How does Facebook run so smoothly?
LIKE IT or loathe it, Facebook has become an integral part of many people’s lives. In September, the site crossed a new milestone, reaching one billion monthly users.
But it’s not just membership, it’s activity. Every day half a billion people log in to Facebook. Each of these users has their own personalised news feed, with data drawn from their network of friends, and it’s refreshing from second to second.
Vice-president of engineering Mike Schroepfer’s job is to ensure the smooth running of Facebook. Large-scale outages are few and far between, so much so that when they do happen, it makes international news.
“Our goal is to make it not seem hard, so when you use the product it’s very seamless,” he says. “But there’s a lot of technical work behind it to make it scale.
“Everyone using the product gets a totally different experience, and even second by second it’s a different experience. As more people use Facebook, those interconnections get deeper, so there are more things happening in your network, updating more frequently.”
In 2008, Schroepfer moved from Mozilla, where he worked on the Firefox browser, to join the growing social network.
Back then, Facebook had only a fraction of the users it currently boasts.

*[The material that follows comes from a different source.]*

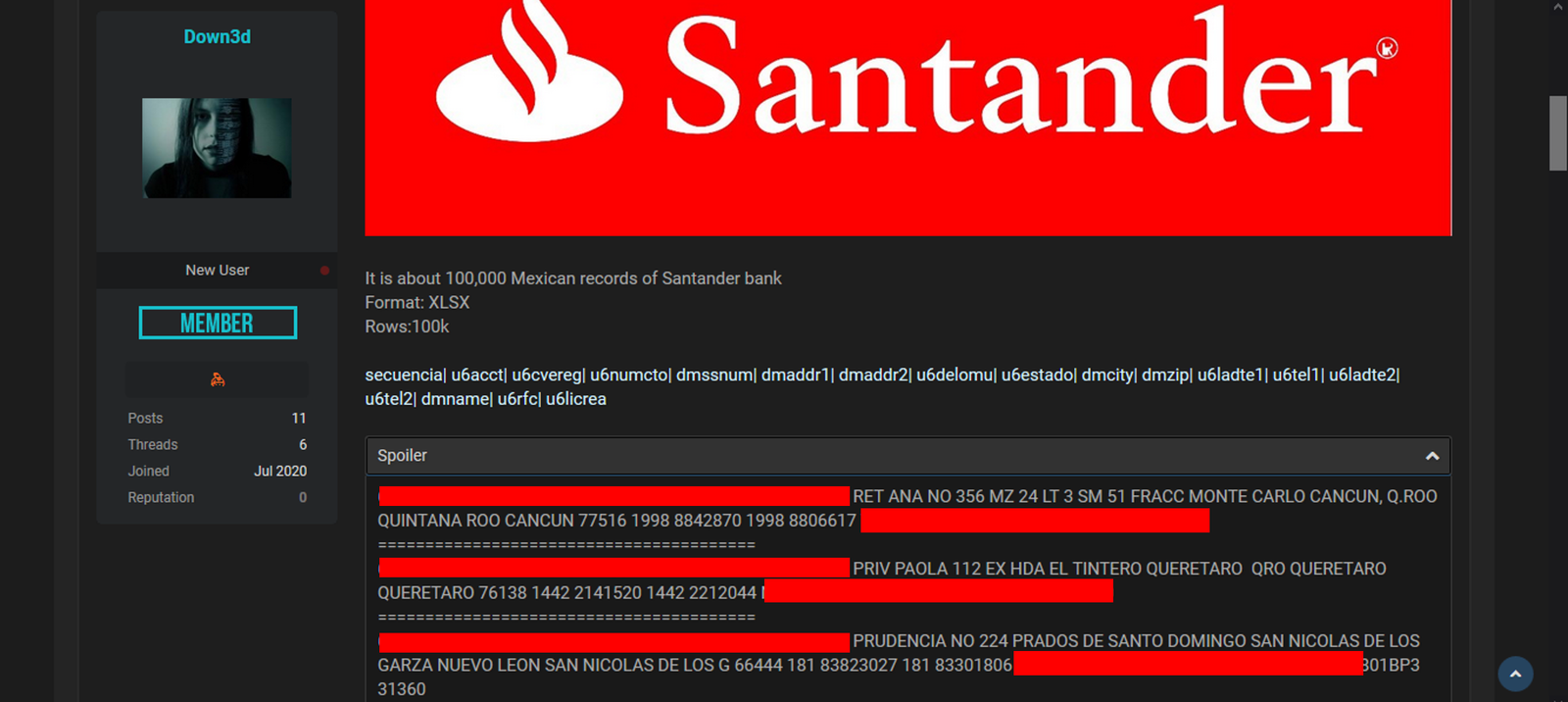 La empresa de ciberseguridad Hals Intelligence alerta en su pagina de facebook, https://www.facebook.com/halsintelligence la venta de una base de datos con 100 mil numero de cuentas, nips y datos financieros del Banco Mexicano Santander.
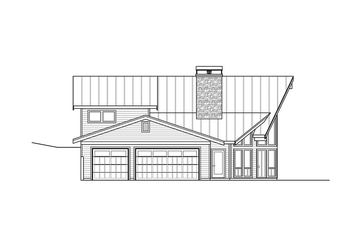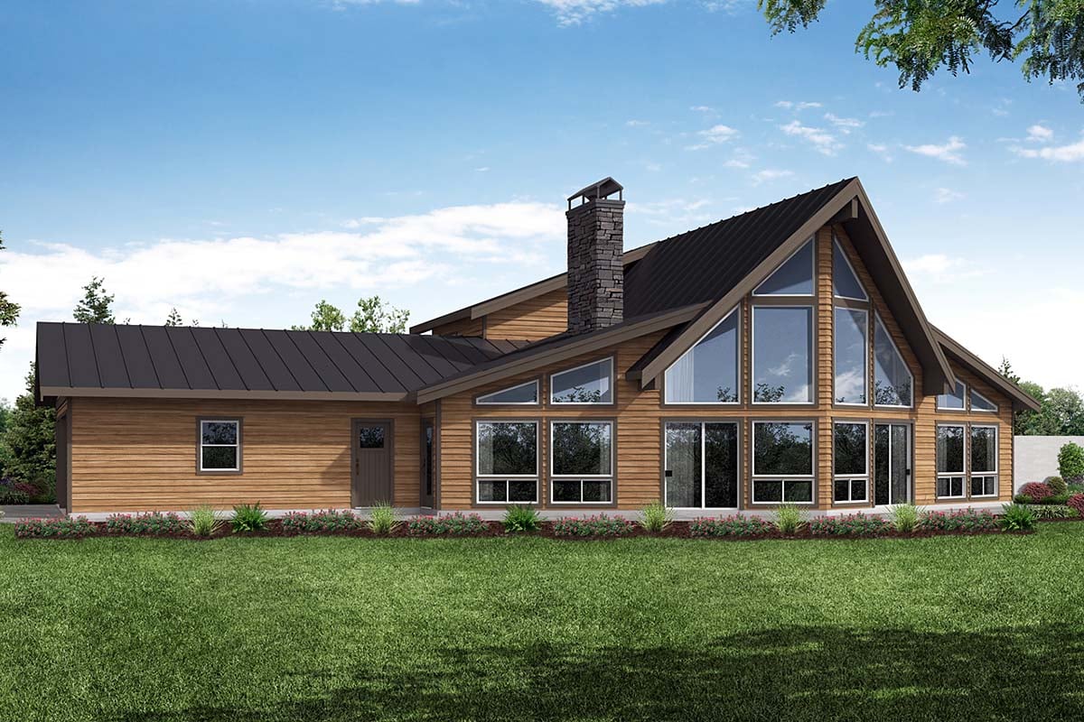 A-Frame, Country House Plan 41378 with 2 Beds, 2 Baths, 3 Car Garage Rear Elevation

In December 2007, official figures put the site’s total at 58 million users.
Everyone who starts in Facebook’s engineering team goes through a process known as bootcamp, a six-week introduction to the company and how it works.
Staff are encouraged to work on projects that they are not only good at, but that interest them, which Schroepfer believes is a large part in building a productive workforce.
“This isn’t a recreational activity. We’re trying to run a company and trying to build products. We have a very strong opinion of what we think is important and what’s in scope and out of scope for the company, and we try to communicate that very clearly to new hires and the company in every instant,” he says.